Assigned task: Leave out the pictures and output exactly the lines below from the one with "参与本次会议的企业方领导有智" down to the one with "Clear neon green", both of them included.

[Exercise input — start]

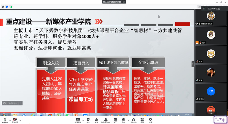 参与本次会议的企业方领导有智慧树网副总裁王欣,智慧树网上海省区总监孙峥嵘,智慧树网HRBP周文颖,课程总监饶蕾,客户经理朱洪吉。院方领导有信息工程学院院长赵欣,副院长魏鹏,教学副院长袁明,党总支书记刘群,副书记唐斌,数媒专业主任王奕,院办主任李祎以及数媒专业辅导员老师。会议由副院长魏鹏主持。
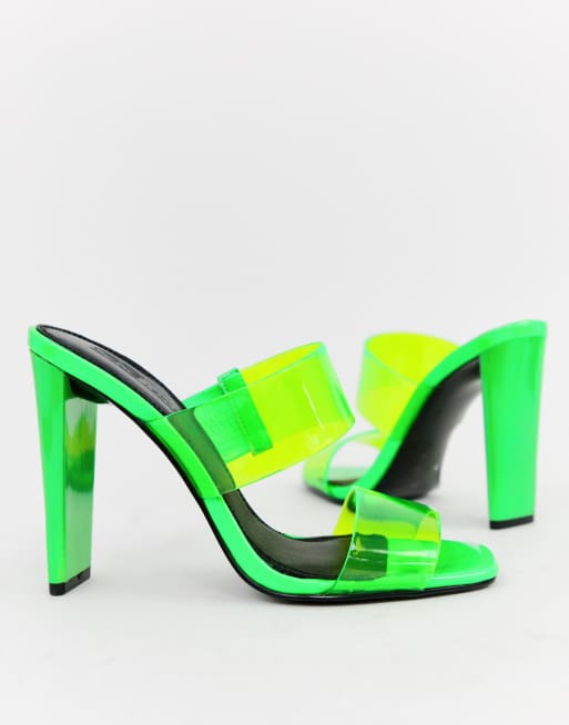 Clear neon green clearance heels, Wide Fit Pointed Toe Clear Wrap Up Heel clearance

[Exercise input — finish]
[Exercise input — start]

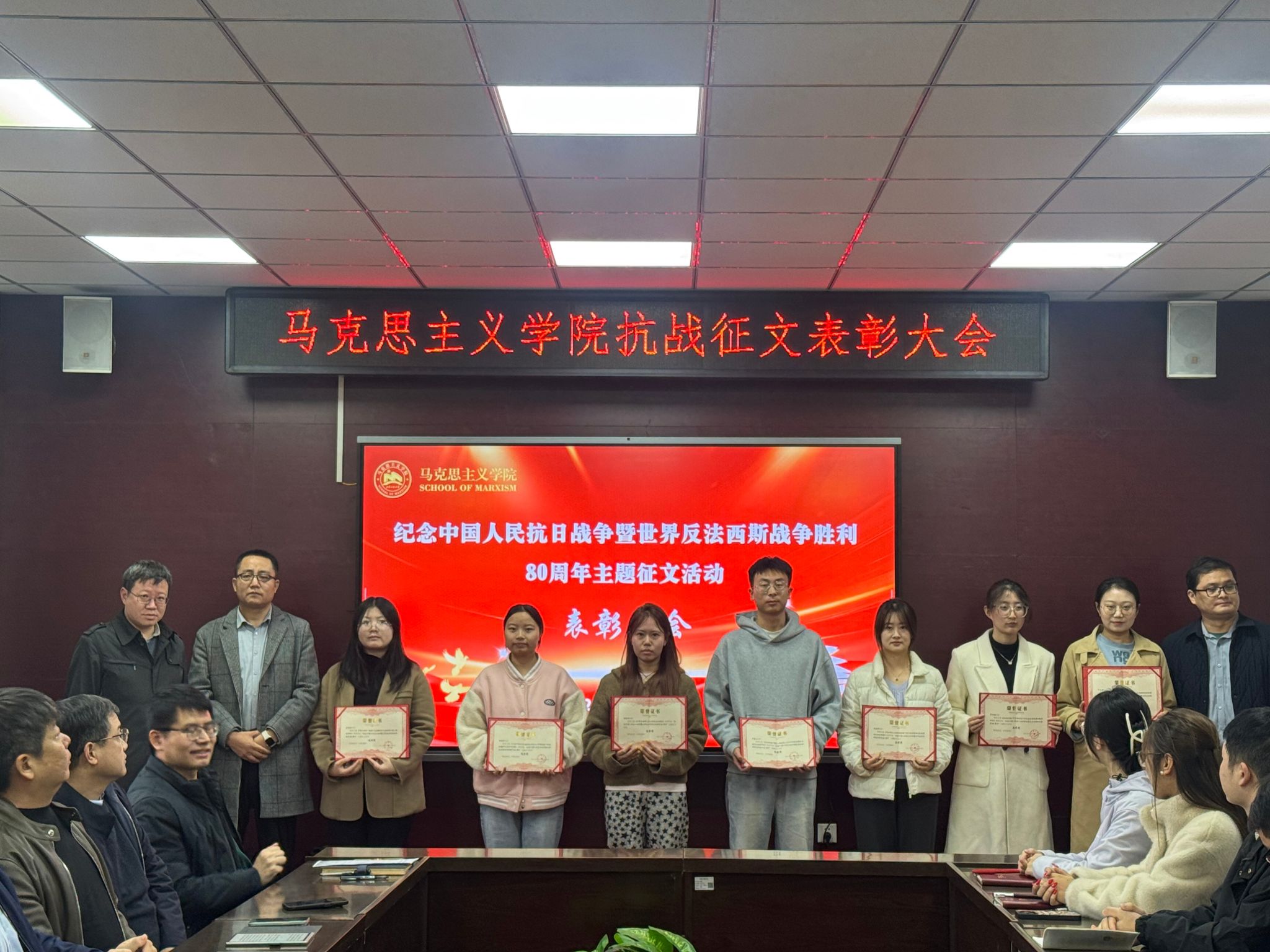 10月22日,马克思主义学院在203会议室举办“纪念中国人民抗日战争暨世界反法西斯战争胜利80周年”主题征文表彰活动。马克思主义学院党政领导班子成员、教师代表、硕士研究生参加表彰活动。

[Exercise input — finish]

Answer space:
 参与本次会议的企业方领导有智慧树网副总裁王欣,智慧树网上海省区总监孙峥嵘,智慧树网HRBP周文颖,课程总监饶蕾,客户经理朱洪吉。院方领导有信息工程学院院长赵欣,副院长魏鹏,教学副院长袁明,党总支书记刘群,副书记唐斌,数媒专业主任王奕,院办主任李祎以及数媒专业辅导员老师。会议由副院长魏鹏主持。
 Clear neon green clearance heels, Wide Fit Pointed Toe Clear Wrap Up Heel clearance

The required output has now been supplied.